The button toggles, but it always displays closed captions no matter what. 

NOW what is going on?


----------



## PaulS (Sep 16, 2002)

Yeah, this is a pain when it occurs. Try toggling Subtitles/Captions in the Settings app.

*How to turn on subtitles and closed captions in iOS*

Launch the *Settings app* on your iPhone or iPad.
Tap on *General*.
Tap on *Accessibility*.
Under the *Hearing section*, tap on *Subtitles & Captioning*.
Turn *On* the option for *Closed Captions + SDH*.
Tap on *Style* in order to customize how closed captions work if you'd like.


----------



## Lrscpa (Apr 20, 2003)

Also, if you set Closed Captions to "On" in the TV App, the setting will carry over to the TiVo app. So start a movie or other content on the TV app, turn off CC and you're set.


----------



## Puppy76 (Oct 7, 2004)

PaulS said:


> Yeah, this is a pain when it occurs. Try toggling Subtitles/Captions in the Settings app.
> 
> *How to turn on subtitles and closed captions in iOS*
> 
> ...


Oh my gosh! Thank you thank you thank you!

I thought this was yet another thing in my life gone wrong.
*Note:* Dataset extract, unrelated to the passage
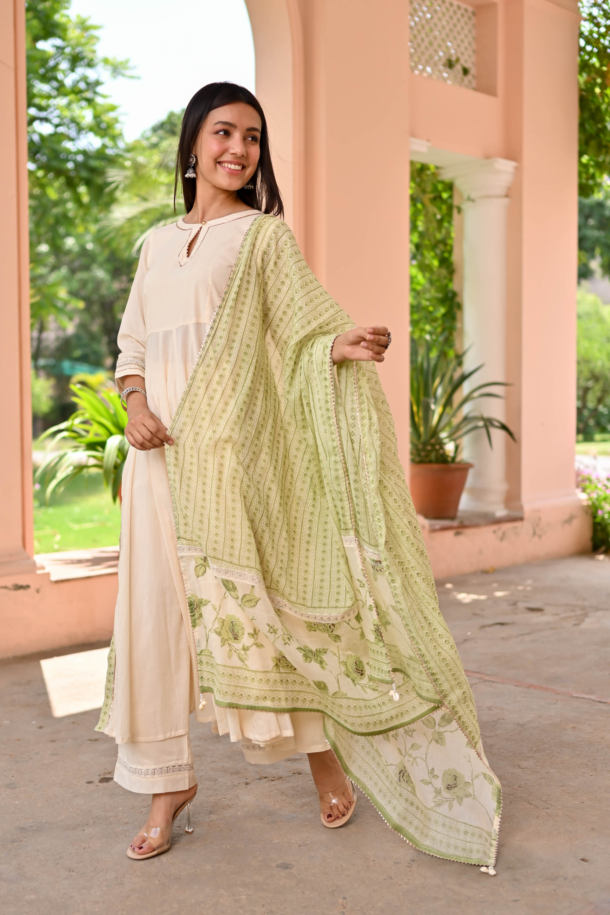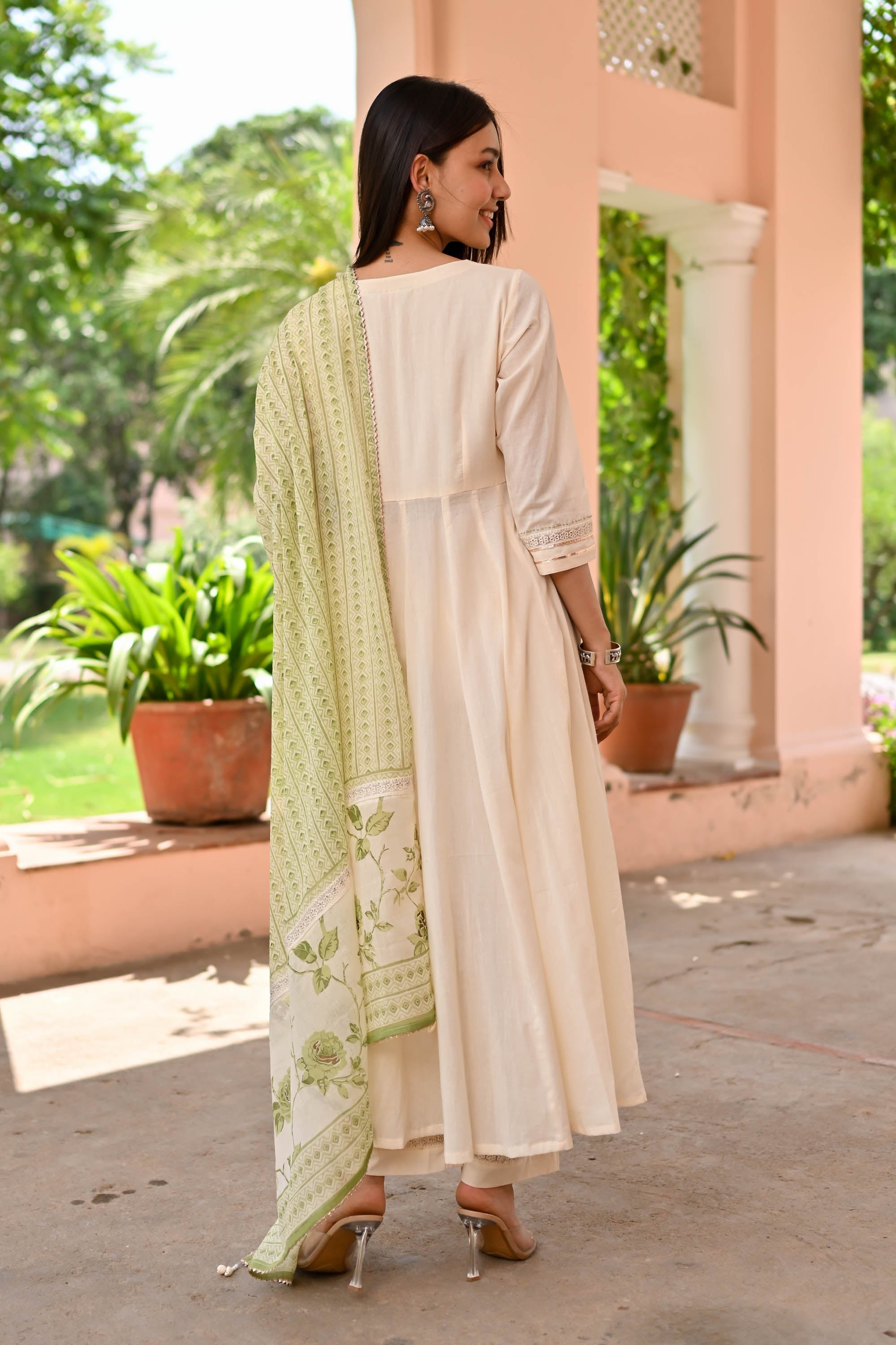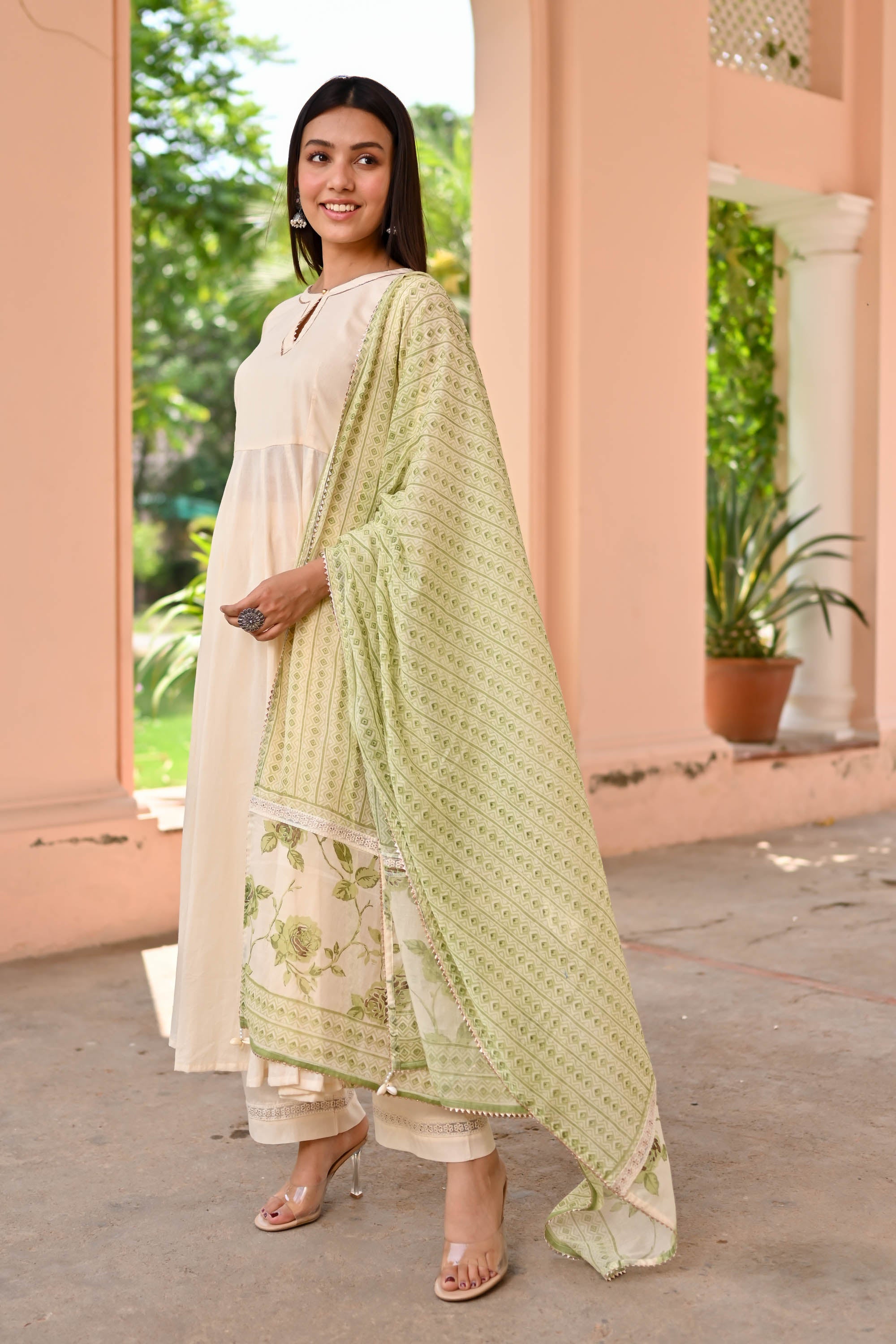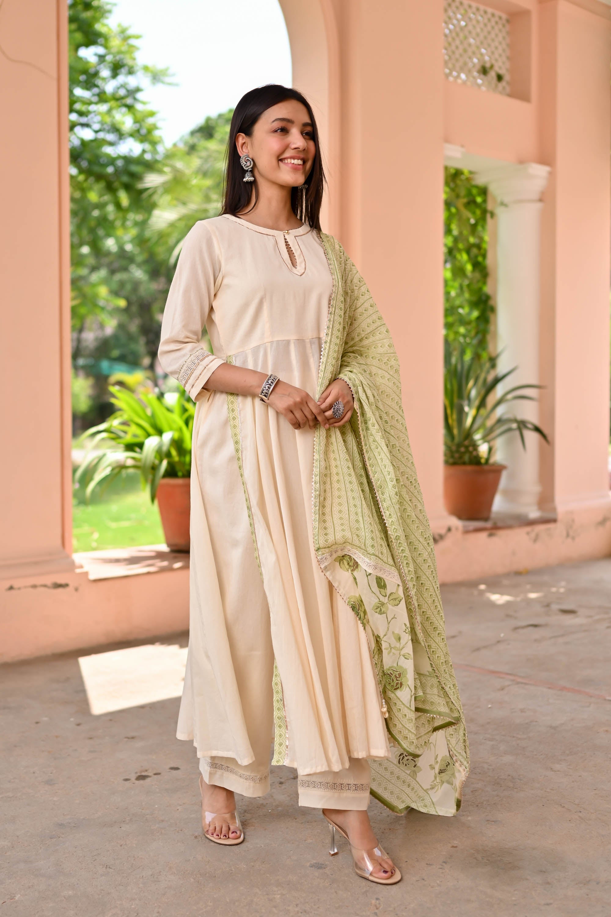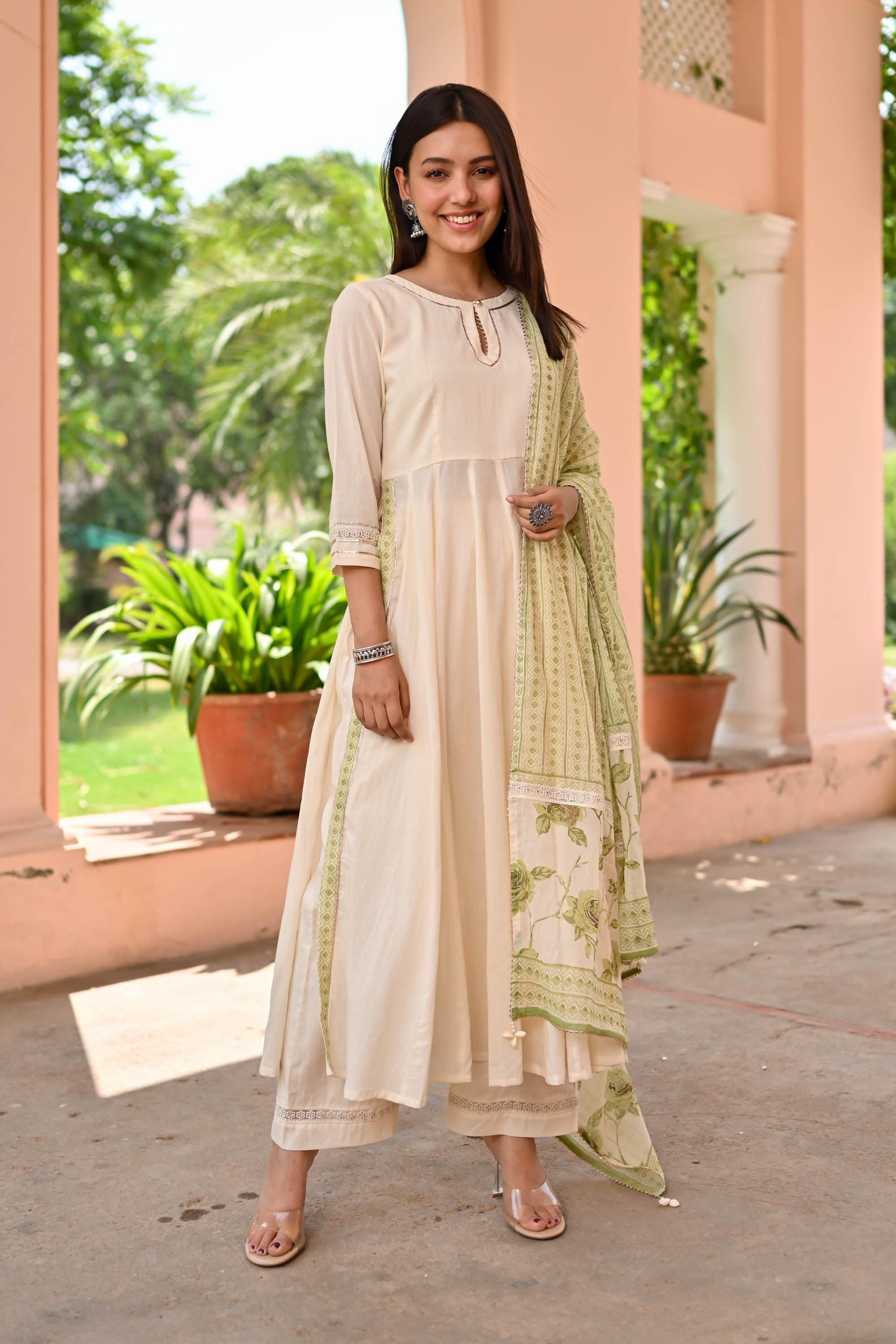 Unveil elegance with the Drishti Cotton Suit Set Trio, a harmonious blend of sophistication and comfort. Crafted from premium cotton, its captivating cream hues exude timeless charm. The flared kurta showcases a round neckline with delicate keyhole details and three-quarter sleeves adorned with intricate lace accents. Paired with coordinating pants and a printed dupatta featuring ethnic motifs, this ensemble promises effortless style for any occasion.

I toggled it on, switched back to Tivo, it no longer let me switch it off in app, gave me a message. Switched it off then in settings, and it's respecting the setting again in Tivo.

Thank you!!!!!


----------



## Lrscpa (Apr 20, 2003)

Puppy76 said:


> Oh my gosh! Thank you thank you thank you!
> 
> I thought this was yet another thing in my life gone wrong.
> 
> ...


----------



## Stev3Davidson (Oct 11, 2018)

PaulS said:


> Yeah, this is a pain when it occurs. Try toggling Subtitles/Captions in the Settings app.
> 
> *How to turn on subtitles and closed captions in iOS*
> 
> ...


Fantastic. I searched the forums looking for an answer to exactly the same question, and am very happy to have found this answer. This should be part of the FAQ! Thank you.


----------